===== Provided material =====

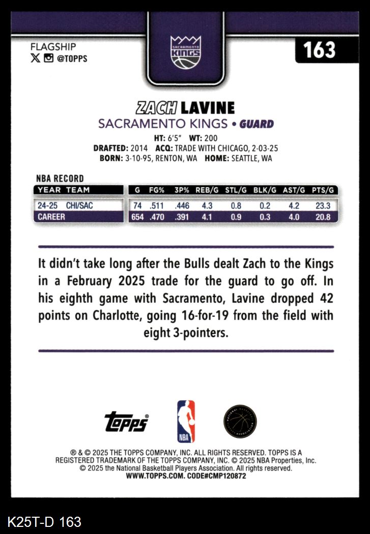 2025 Topps #163 Zach LaVine 8 - NM/MT
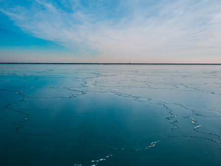 Baltic sea in winter. Fresh ice hummocks and cracks in ice edge
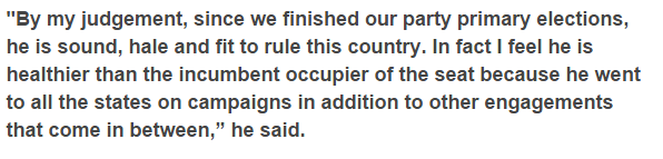 Representative Rabiu Kwankwaso of Kano state says to the best of his insight as a chieftain of the APC, his party’s presidential hopeful, Gen Muhammadu Buhari is sound and generous & considerably healthier than President Jonathan. Senator Kwankwaso said this while tending to newsmen in Kano yesterday February 22nd.
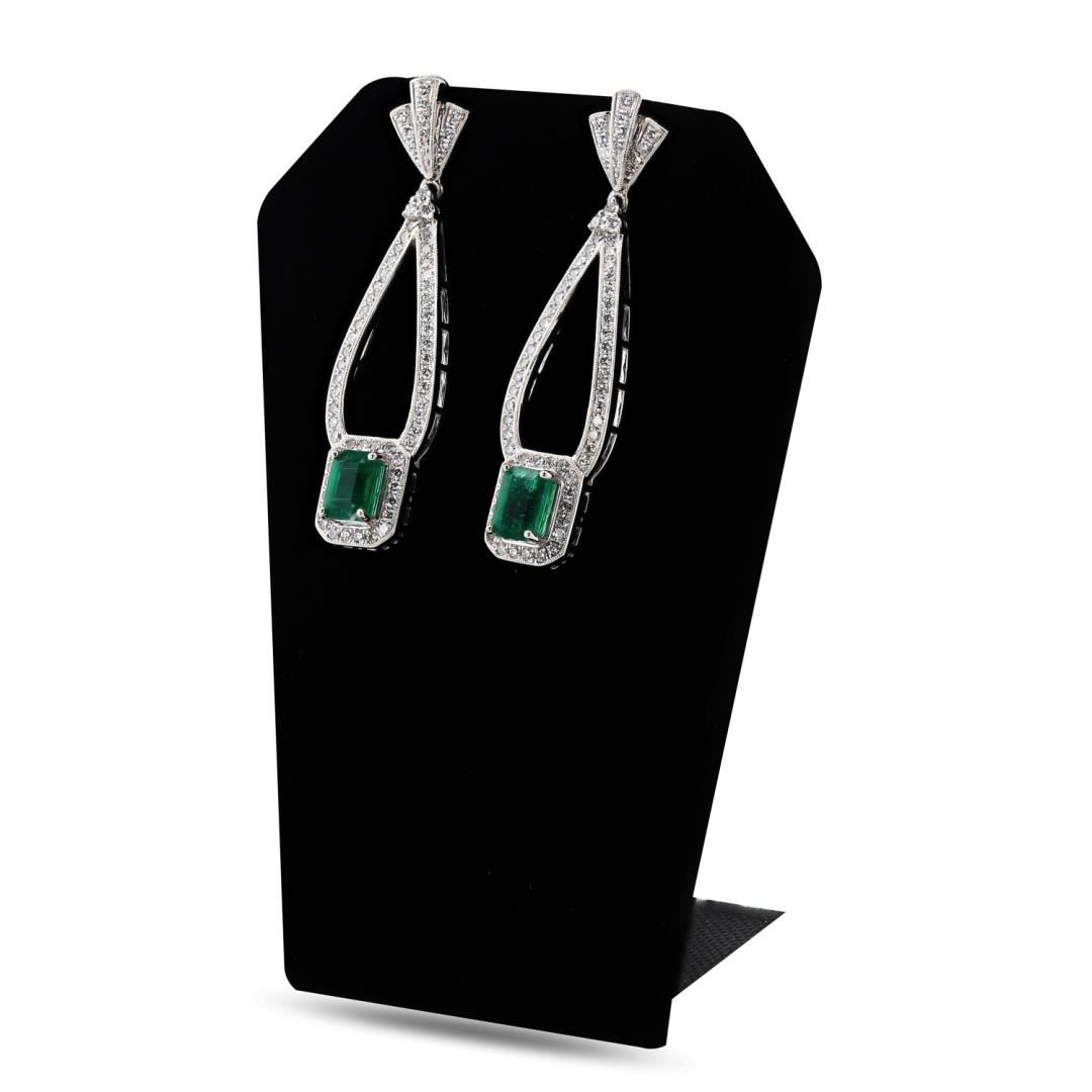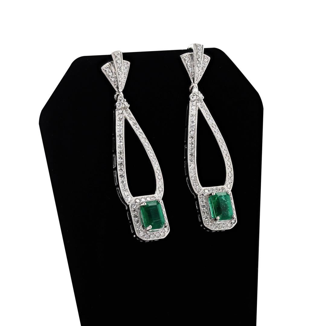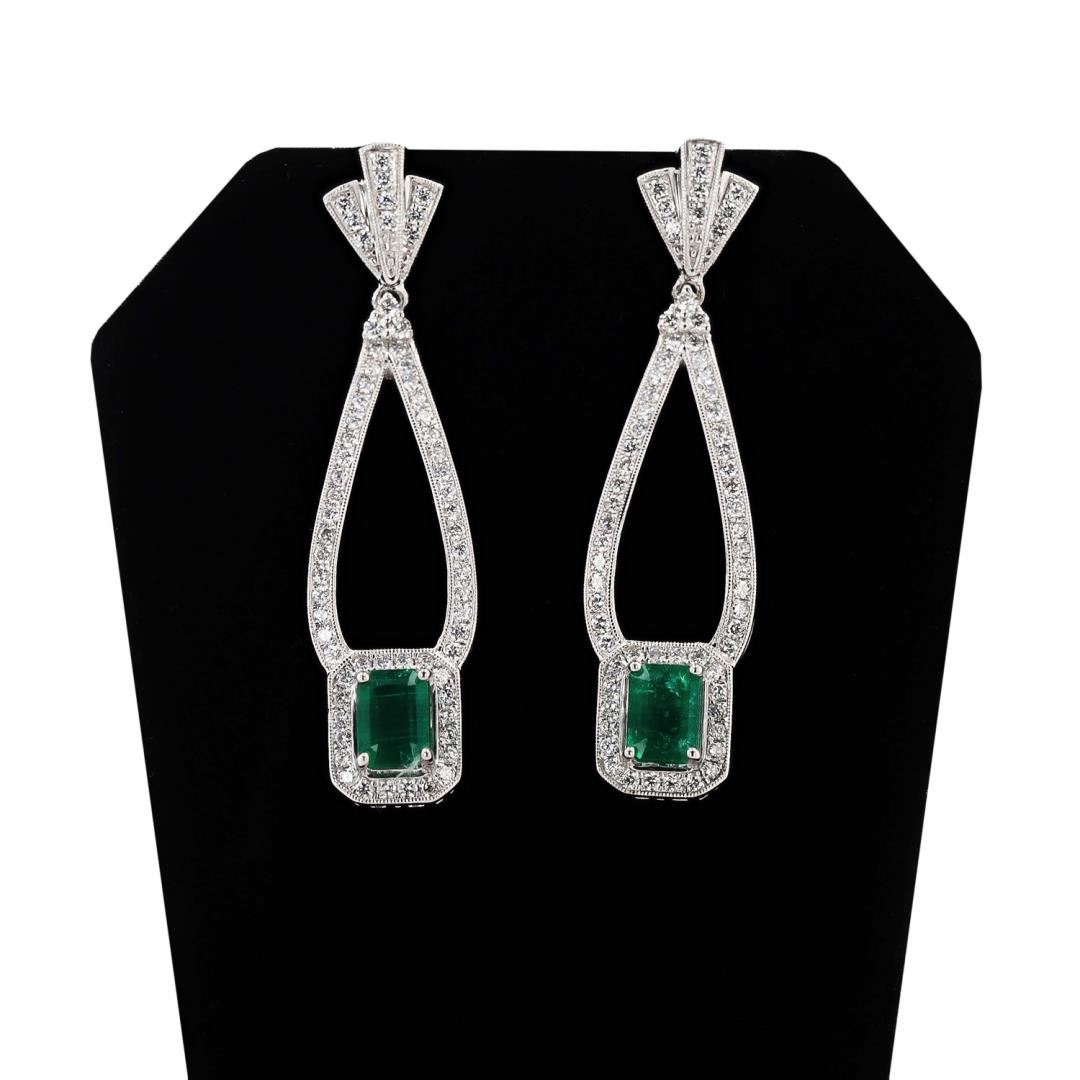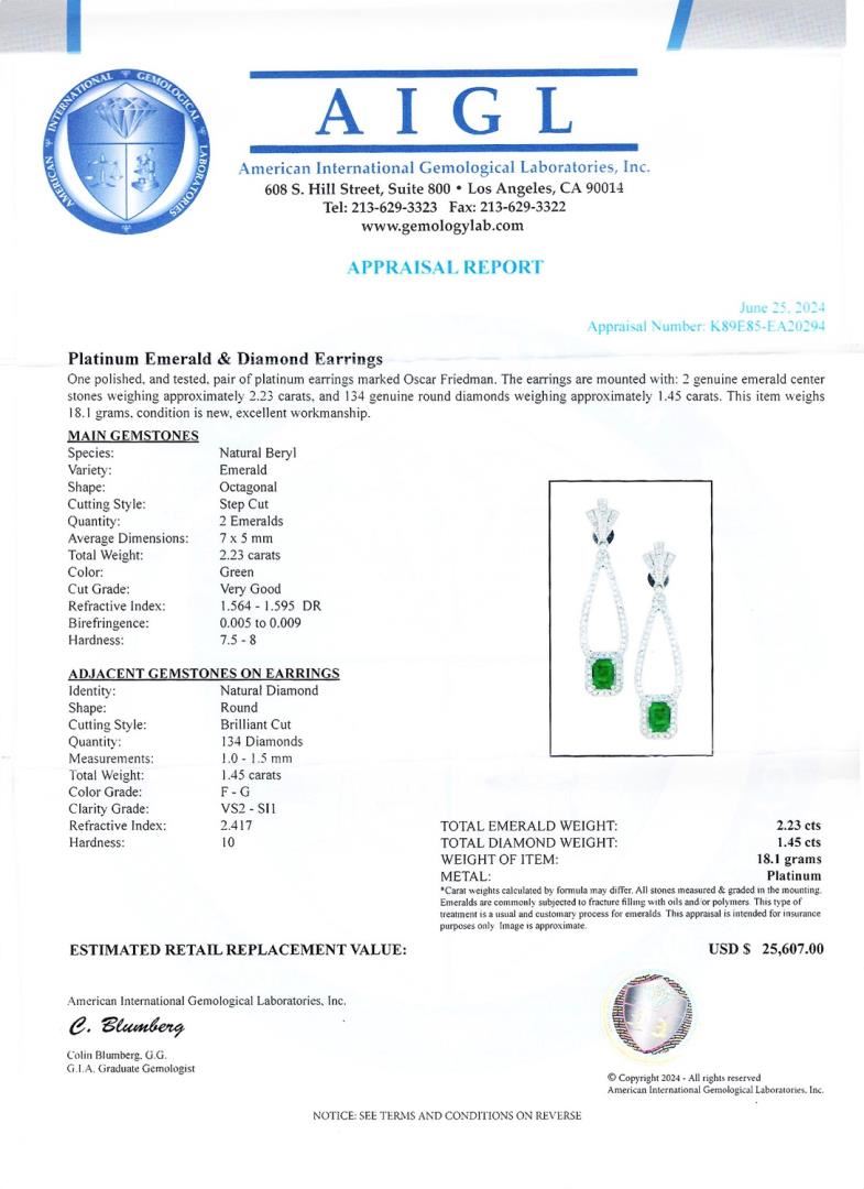 One polished. and tested. pair of platinum earrings marked Oscar Friedman. The earrings are mounted with: 2 genuine emerald center stones weighing approximately 2.23 carats, and 134 genuine round diamonds weighing approximately 1.45 carats. This item weighs 18.1 grams, condition is new, excellent workmanship. #MAIN GEMSTONES# Species: Natural Beryl Variety: Emerald Shape: Octagonal Cutting Style: Step Cut Quantity: 2 Emeralds Average Dimensions: 7 x 5mm Total Weight: 2.23 carats Color: Green Cut Grade: Very Good Refractive Index: 1.564 - 1.595 DR Birefringence: 0.005 to 0.009 Hardness: 7.5 - 8 #ADJACENT GEMSTONES ON EARRINGS# Identity: Natural Diamond Shape: Round Cutting Style: Brilliant Cut Quantity: 134 Diamonds Measurements: 1.0 - 1.5mm Total Weight: 1.45 carats Color Grade: F-G Clarity Grade: VS2-SI1 Refractive Index: 2.417 Hardness: 10 TOTAL EMERALD WEIGHT: 2.23 cts TOTAL DIAMOND WEIGHT: 1.45 cts WEIGHT OF ITEM: 18.1 grams METAL: Platinum
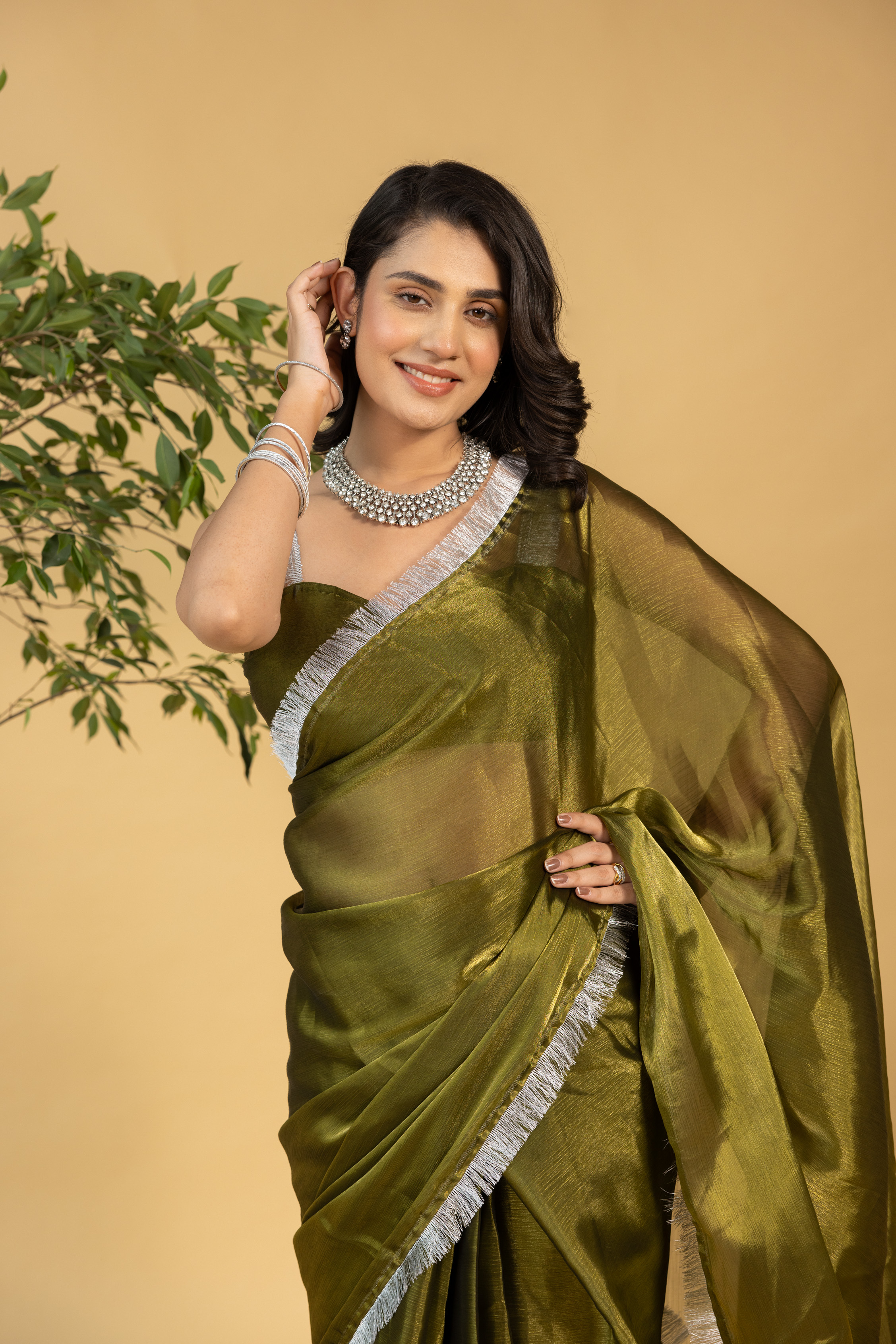 Mahendi Color Chiffon Fabric Ready To Wear Saree For Graceful Bollywood Style Saree

=====

**Exercise requirements**
Only lines go in the copy, not pictures. Transcribe exactly from the start of the listing through the line containing "One polished. and".

**Result**
 2025 Topps #163 Zach LaVine 8 - NM/MT
 Baltic sea in winter. Fresh ice hummocks and cracks in ice edge
 Representative Rabiu Kwankwaso of Kano state says to the best of his insight as a chieftain of the APC, his party’s presidential hopeful, Gen Muhammadu Buhari is sound and generous & considerably healthier than President Jonathan. Senator Kwankwaso said this while tending to newsmen in Kano yesterday February 22nd.
 One polished. and tested. pair of platinum earrings marked Oscar Friedman. The earrings are mounted with: 2 genuine emerald center stones weighing approximately 2.23 carats, and 134 genuine round diamonds weighing approximately 1.45 carats. This item weighs 18.1 grams, condition is new, excellent workmanship. #MAIN GEMSTONES# Species: Natural Beryl Variety: Emerald Shape: Octagonal Cutting Style: Step Cut Quantity: 2 Emeralds Average Dimensions: 7 x 5mm Total Weight: 2.23 carats Color: Green Cut Grade: Very Good Refractive Index: 1.564 - 1.595 DR Birefringence: 0.005 to 0.009 Hardness: 7.5 - 8 #ADJACENT GEMSTONES ON EARRINGS# Identity: Natural Diamond Shape: Round Cutting Style: Brilliant Cut Quantity: 134 Diamonds Measurements: 1.0 - 1.5mm Total Weight: 1.45 carats Color Grade: F-G Clarity Grade: VS2-SI1 Refractive Index: 2.417 Hardness: 10 TOTAL EMERALD WEIGHT: 2.23 cts TOTAL DIAMOND WEIGHT: 1.45 cts WEIGHT OF ITEM: 18.1 grams METAL: Platinum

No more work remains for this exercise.